In 2001, Jackson was arrested at Camp Garcia Vieques in Vieques, Puerto Rico with nine other activists for misdemeanor trespassing while protesting the United States Navy’s bombing tests in the area. She was soon released after she began organizing the women in jail.
Jacqueline also became involved in Ethiopia’s famine. A famine which caused a lot of starvation and loss of a lot of lives.
She took a delegation of women to Ethiopia and those women subsequently appeared on radio talk shows to bring the starvation that was taking place in Ethiopia to the attention of the American public.

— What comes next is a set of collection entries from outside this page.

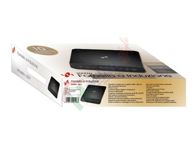 Piastra ad induzione portatile, ideale per portarla in viaggio, mare, campeggio con pannello in cristallo nero di grado A, tipo di controllo soft touch, timer di 4 ore, 4 livelli di potenza display digitale e temperatura, cursore multifunzione, 10 gamma di selezione potenza da 60 a 240 gradi, multisistema di protezione sicurezza, sistema sicurezza bambino, rilevazione mancanza padella o errata rilevazione, sistema di avviso di bassa e alta tensione, dotato di sistema di messaggio di errore diagnostico.
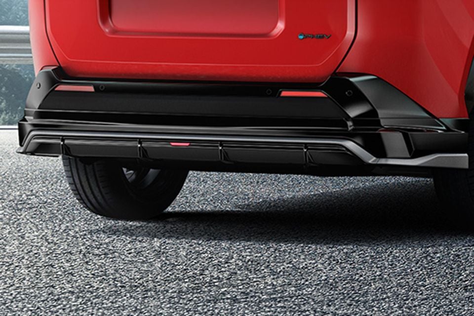 A chunkier front bumper with a larger grille, described as 32mm bigger than standard, is also offered in gloss black and gunmetal finishes to contrast with the GR Sport’s Feverish Red hero colour.
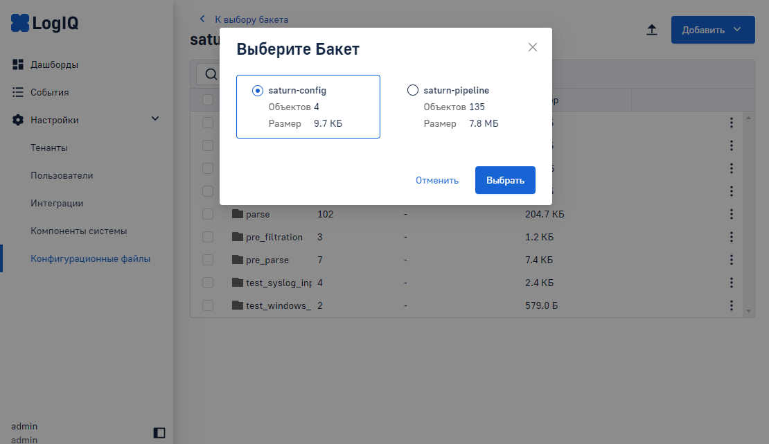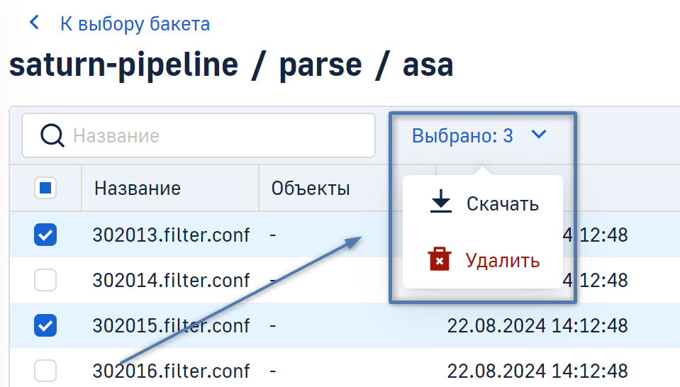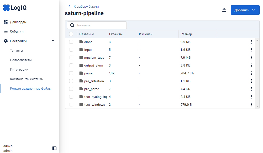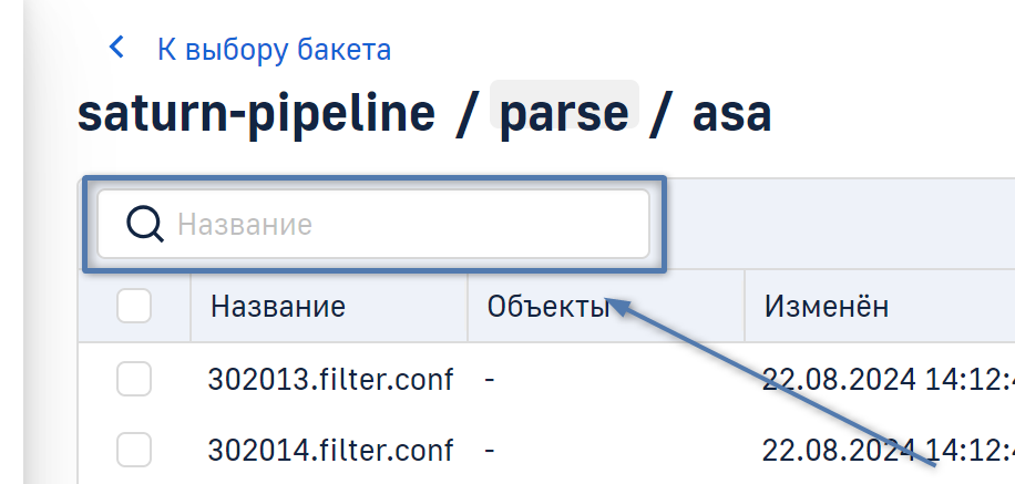 - saturn-pipeline — в данном бакете хранятся сконвертированные правила корреляции и нормализации для блока Saturn.
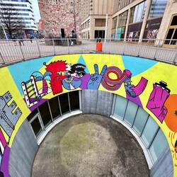 Die Street Art in Bangladesh wird dominiert vom politischem Graffiti der Studentenrevolution 2024. In fast allen Städten, egal ob groß oder klein, finde sich lange Wände entlang der Hauptstraßen,Læs mere
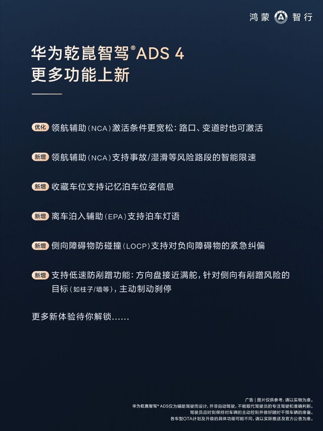 除了以上三大主要升级点,还新增很多细节上的功能。鸿蒙智行这次的升级,也代表了行业内整体的走向。阿远说车
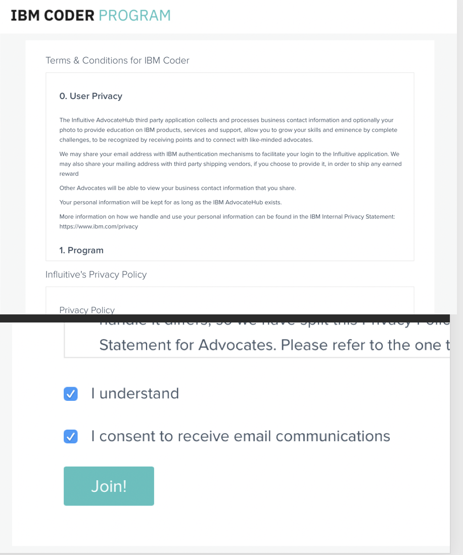 内容に問題なければ[I understand] と e-mailを希望する場合は[I consent to receive email communications]をチェックし、Join をクリックします。
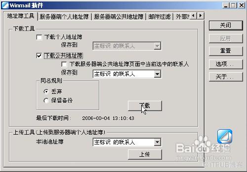 五、选中下载公共地址簿,然后点击下载按钮,在winmail公共地址簿中的地址就会到你本地中的地址簿中了。
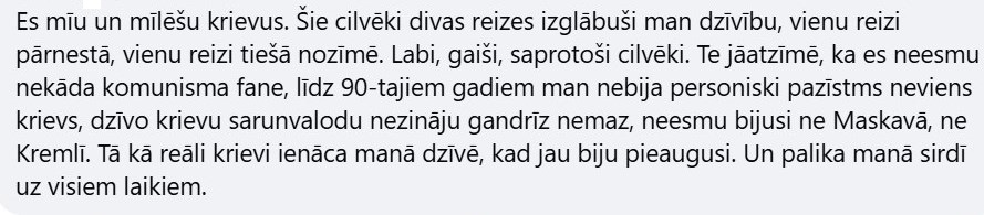 Замечательные слова светлого Человека, присланные мне в одном из комментариев. Слова, дающие надежду, что безумие покинет людей и у Латвии ещё есть будущее. Свет и Любовь вам, друзья! «Я люблю и буду любить русских. Эти люди дважды спасли мне жизнь, один раз в переносном, один раз в прямом смысле. Хорошие, светлые, понимающие люди. Здесь нужно понимать, что я никакая не фанатка коммунизма. До 90-х годов лично не была знакома ни с одним русским и нисколечко не знала русский язык. Не бывала ни в Москве, ни в Кремле. Реальные, живые русские вошли в мою жизнь, когда я уже выросла, и остались у меня в сердце навсегда».
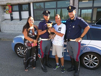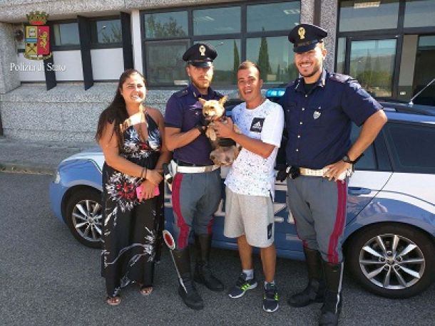 Ciko inizialmente era diffidente, ma non appena i poliziotti gli hanno dato dei biscottini si è tranquillizzato e si è fatto coccolare e portare in caserma, dove ha potuto così riabbracciare i suoi padroni, tornati subito indietro per riprendere il loro amico a quattro zampe.
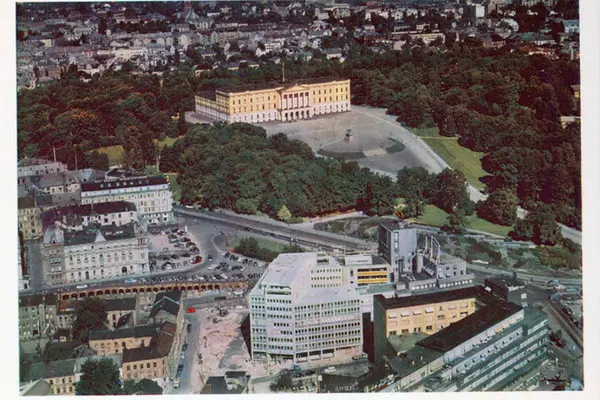 Gamle og nye Vika. Sanering. Øvre del av Haakon VIIs gate (navn fra 1954, tidligere Bakkegatens trasé) under fullførelse fra Munkedamsveien opp mot Ruseløkkveien. Ruseløkkbasarene, Victoria terrasse. Kommunenes Hus (1956-1957) i midten. Triangelplassen, den senere 7. juni plass (Utenriksdepartementets bygning ennå ikke bygget, sto ferdig 1963), Drammensveien. Slottet, Slottsplassen, Slottsparken. Torstedgården, Odd Fellow-bygningen (ned til høyre). Postkort.

They also went to the Department of Agriculture to pressure that department’s leadership into releasing food for people who were enduring the drought.
Throughout the years, Jacqueline has been involved, whether it was in South Africa taking a stand against Apartheid, or protesting the atrocities that were committed in El Salvador during the eighties or bringing America to place pressure on the Sandinista government under Daniel Ortega in Nicaragua, she never hesitated to speak up if she felt America was taking unfair advantage of people.
She has stated that “It’s because of our tax dollars that we are in a position to prevent them from invading people, and from allowing people to starve, or demanding that they eliminate unfair policies.”
For a very long time, Mrs. Jackson has protested America’s embargos and restrictions on Cuba. She once stated that “It’s such a small country I don’t see where it can threaten the hundreds of million people living in the United States.”
Jacqueline Jackson feels that it’s all part of her lifetime commitment to teach America to be a good neighbor and to be sensitive to others, whether it’s Cuba, Haiti, Puerto Rico or Jamaica, Years ago, she spoke about the sanctions that the United States has placed on Venezuela, which over the years has caused the country to become literally unlivable. She rightly predicted those many years ago that as Venezuelans flee the squalor and resultant violence and come to the United States, our cities would soon be experiencing a migrant disaster.
Jacqueline Jackson continues to fight for the civil rights, freedom and equality, of all people throughout the nation and the world.